Deel 3 van 3: Controleer uw kennis

  1. Versnellingsrichting. Het fysieke concept van versnelling komt niet altijd overeen met de manier waarop het in het dagelijks leven wordt gebruikt. Elke versnelling heeft een richting: in het algemeen zeggen we dat het positief is als het gericht is omhoog of te Rechtsaf en negatief als het gericht is op laag of te links. Bekijk de onderstaande tabel en kijk of uw resolutie klopt:
  2. Forceer richting. Onthoud: een kracht veroorzaakt alleen versnelling in de richting waarin het opereert. Sommige problemen kunnen irrelevante informatie opleveren om u in verwarring te brengen.
    • Voorbeeld: een speelgoedboot met een massa van 10 kg wordt in noordelijke richting versneld tot 2 m / s. De wind waait westwaarts en oefent een kracht van 100 uit Newton op het speelgoed. Bereken de nieuwe noordversnelling van de boot.
    • Antwoord: Aangezien de kracht van de wind loodrecht op de bewegingsrichting staat, heeft deze geen invloed op de beweging in die richting.
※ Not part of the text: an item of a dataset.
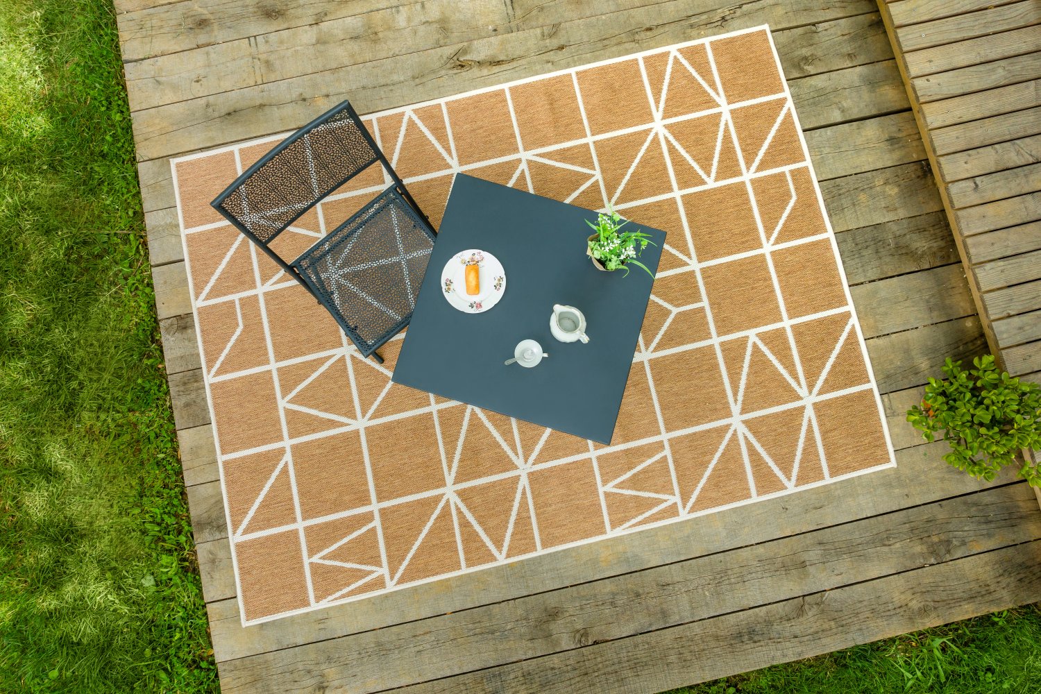 Tapis d’extérieur rond Jacquard Djerba Ø150 cm en polypropylène recyclé, réversible, résistant aux UV et lavable. Parfait terrasse, OEKO-TEX®.

Daarom zal de boot blijven accelereren met 2 m / s in noordelijke richting.
  3. Resulterende kracht. Als er meer dan één kracht op een object inwerkt, moet u deze combineren om de resulterende kracht te bepalen voordat u de versnelling berekent. Bij vragen met twee dimensies zou de oplossing als volgt zijn:
    • Voorbeeld: Ana trekt een doos van 400 kg naar rechts met een kracht van 150 Newton. Carlos staat aan de linkerkant van de doos en duwt deze met een kracht van 200 Newton. De wind waait naar links met een kracht van 10 Newton. Bereken de versnelling van de doos.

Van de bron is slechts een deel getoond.